[Opening DATA EXTRACT section]
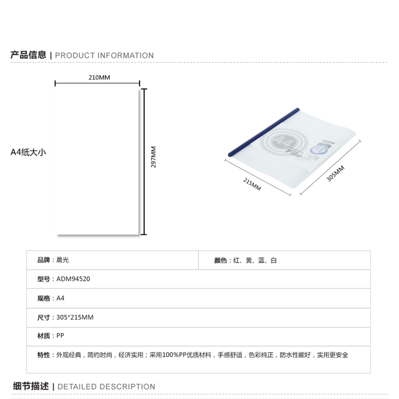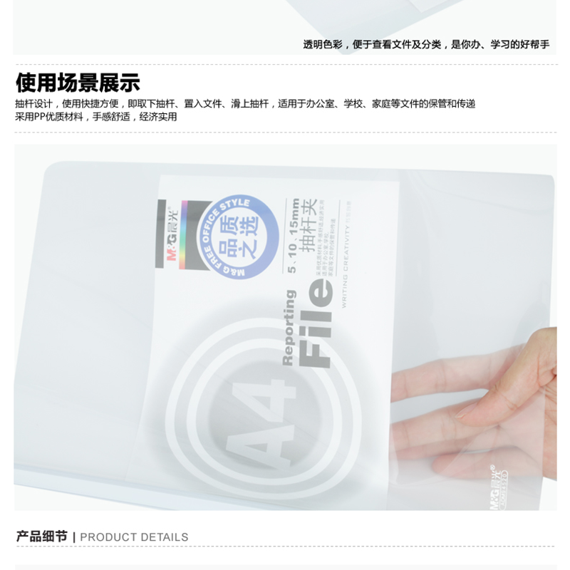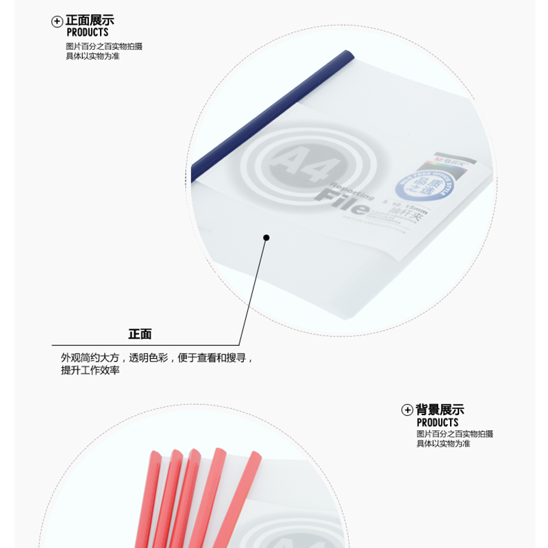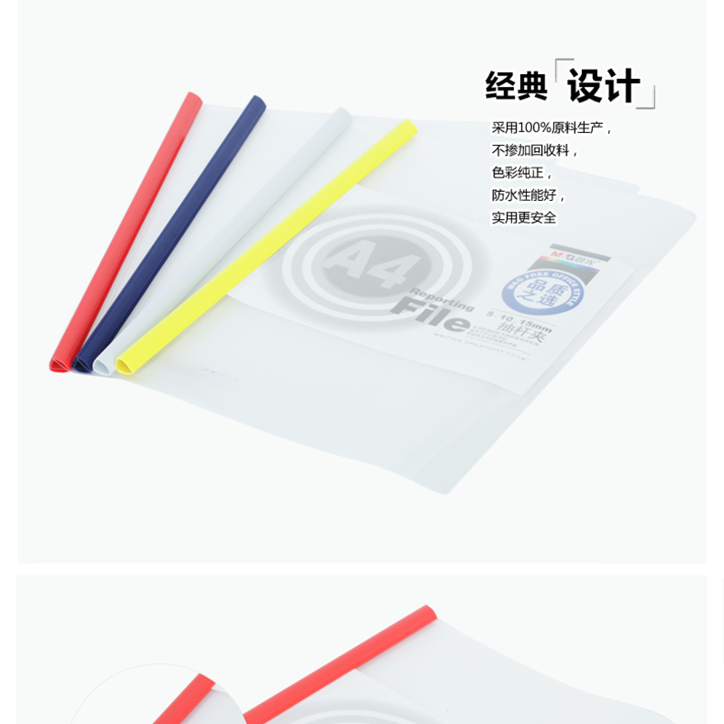 晨光(M&G) ADM94520 A4透明抽桿夾文件夾報(bào)告資料夾拉桿夾10mm 10個(gè)/包 顏色隨機(jī)
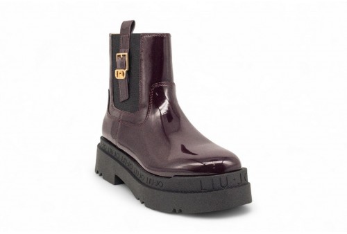 Stivaletti platform in vernice. Stivaletti con tomaia in vernice Chiusura con zip sul lato interno Inserto elastico Fibbia decorativa con logo monogram Suola platform con logo inciso.
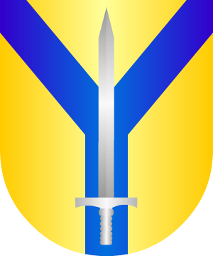 de seis puntas, de plata, puestas en faja. Bordura de oro con ocho aspas, de
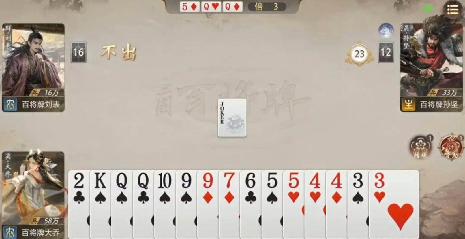身份差异显著影响大乔的操作重心:当地主时,应优先利用【结缘】回收零散高牌,配合【贤助】稳定获取2或A,将炸弹数量提升至4张以上,构建决胜压制组合;作为农民队友,需尽快打出大小王,加速大乔完成牌库整合与补牌循环,从而提升团队技能触发频率;若为反贼,则须预留王牌应对突发压制,同时在对子、顺子、三带等常见出牌结构中压缩技能收益区间,限制其资源转化效率。
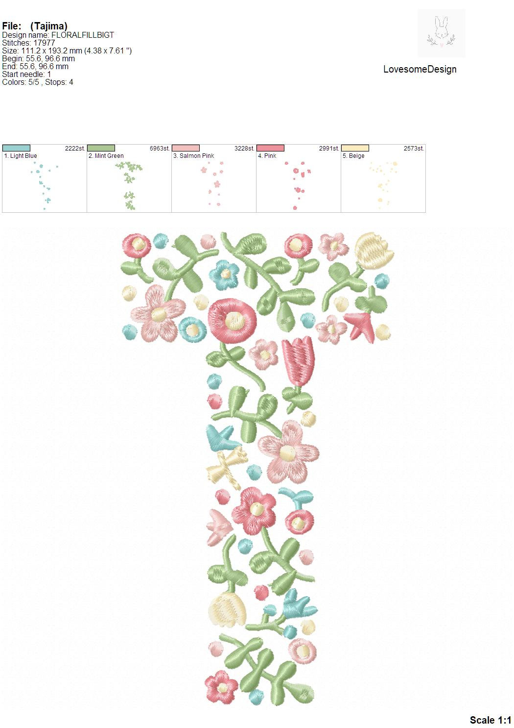 This listing features a machine embroidery file of one uppercase letter "T" which has a beautiful dainty floral fill design with pastel spring colors in 8inch size.
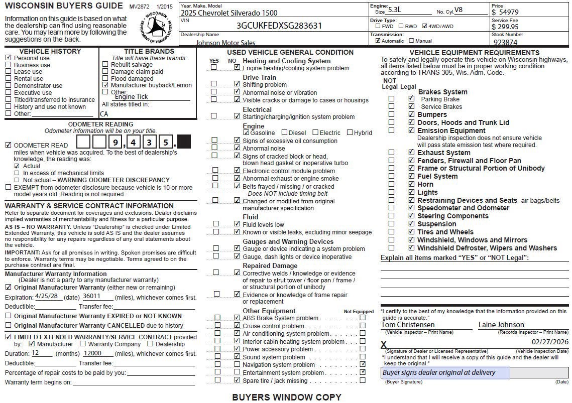 New vehicle pricing includes all offers and incentives. Tax, Title and Tags not included in vehicle prices shown and must be paid by the purchaser. While great effort is made to ensure the accuracy of the information on this site, errors do occur so please verify information with a customer service rep. This is easily done by calling us at (715) 388-7909 or by visiting us at the dealership. **With approved credit. Terms may vary. Monthly payments are only estimates derived from the vehicle price with a 72 month term, 5.9% interest and 20% downpayment.The Manufacturer’s Suggested Retail Price excludes tax, title, license, dealer fees and optional equipment. Dealer sets final price.
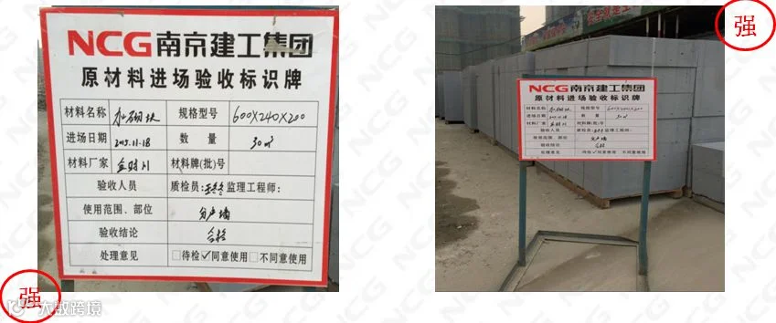 钢筋、水泥、砖(砌块)、砂石等原材料进场后应分类堆放整齐,按批进行验收。现场所有原材料及半成品、成品、周转材料均应设置标识牌,标识牌应标明进场时间和数量、材料名称和规格型号、验收人员、验收结论(合格、不合格)。
[Closing DATA EXTRACT section]
WHAT IS EXPECTED:
Copy all the material exactly; omit images.

EXERCISE ANSWER:
 晨光(M&G) ADM94520 A4透明抽桿夾文件夾報(bào)告資料夾拉桿夾10mm 10個(gè)/包 顏色隨機(jī)
 Stivaletti platform in vernice. Stivaletti con tomaia in vernice Chiusura con zip sul lato interno Inserto elastico Fibbia decorativa con logo monogram Suola platform con logo inciso.
 de seis puntas, de plata, puestas en faja. Bordura de oro con ocho aspas, de
身份差异显著影响大乔的操作重心:当地主时,应优先利用【结缘】回收零散高牌,配合【贤助】稳定获取2或A,将炸弹数量提升至4张以上,构建决胜压制组合;作为农民队友,需尽快打出大小王,加速大乔完成牌库整合与补牌循环,从而提升团队技能触发频率;若为反贼,则须预留王牌应对突发压制,同时在对子、顺子、三带等常见出牌结构中压缩技能收益区间,限制其资源转化效率。
 This listing features a machine embroidery file of one uppercase letter "T" which has a beautiful dainty floral fill design with pastel spring colors in 8inch size.
 New vehicle pricing includes all offers and incentives. Tax, Title and Tags not included in vehicle prices shown and must be paid by the purchaser. While great effort is made to ensure the accuracy of the information on this site, errors do occur so please verify information with a customer service rep. This is easily done by calling us at (715) 388-7909 or by visiting us at the dealership. **With approved credit. Terms may vary. Monthly payments are only estimates derived from the vehicle price with a 72 month term, 5.9% interest and 20% downpayment.The Manufacturer’s Suggested Retail Price excludes tax, title, license, dealer fees and optional equipment. Dealer sets final price.
 钢筋、水泥、砖(砌块)、砂石等原材料进场后应分类堆放整齐,按批进行验收。现场所有原材料及半成品、成品、周转材料均应设置标识牌,标识牌应标明进场时间和数量、材料名称和规格型号、验收人员、验收结论(合格、不合格)。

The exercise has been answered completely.